Background: Oxidative stress is intimately associated with many diseases, including β-thalassemia.

Aim: The study was to estimate the status of respiratory burst enzymes, pro-oxidants, and antioxidants in β-thalassemia major patients in Bangladesh and to compare with apparently healthy individuals.

Materials and methods: A total of 49 subjects were recruited which included 25 patients (age range 5 to 40 years) with β-thalassemia major and 24 controls (age and sex matched). Superoxide dismutase (SOD) and catalase (CAT) represented respiratory burst enzymes; malondialdehyde (MDA), lipid hydroperoxide (LHP), and xanthine oxidase (XO) were measured as pro-oxidants; and glutathione S transferase (GST), vitamin C (Vit.C), and glutathione (GSH) were the measured antioxidants.
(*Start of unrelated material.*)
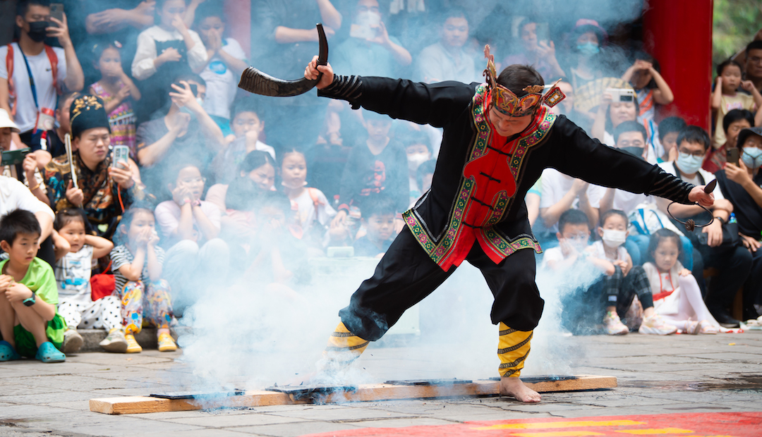 活动期间,众多非遗传承人、绝技达人齐聚,上演“百艺绝活大观”。哈尼族吞火吐火杂耍惊险刺激,佤族吊葫芦展现高超技艺,傣族多玛龄、侗族仙人合竹各具民族特色。苗族第一变脸特技大师李永春将在苗寨、侗寨表演踩钢刀吹芦笙、赤脚上刀梯,更在锦绣楼前挑战刀架脖子拉电车的极限技艺,每日一场。每晚翠湖的非遗火壶钢花,如璀璨星河,尽显非遗浪漫。

Results: The activity of SOD was significantly (P < 0.001) increased by about 79% and the activity of CAT was significantly (P < 0.001) decreased by more than 34% in the blood of β-thalassemia major patients compared to the control group. The content of pro-oxidants such as MDA, LHP, and XO was significantly (P < 0.001) higher in patients by about 228%, 241.3% and 148.1% respectively compared to control group. The level of GSH and Vit.C were significantly (P = 0.000) decreased in patients by about 59% and 81% versus the healthy group, respectively; and GST activity was significantly (P < 0.001) declined by 44.25% in patients group.

Conclusion: β-thalassemia major patients demonstrate raised oxidative stress compared to healthy subjects.

Keywords: Antioxidants; Children; Free radicals; Respiratory burst enzymes; Sickle cell disease.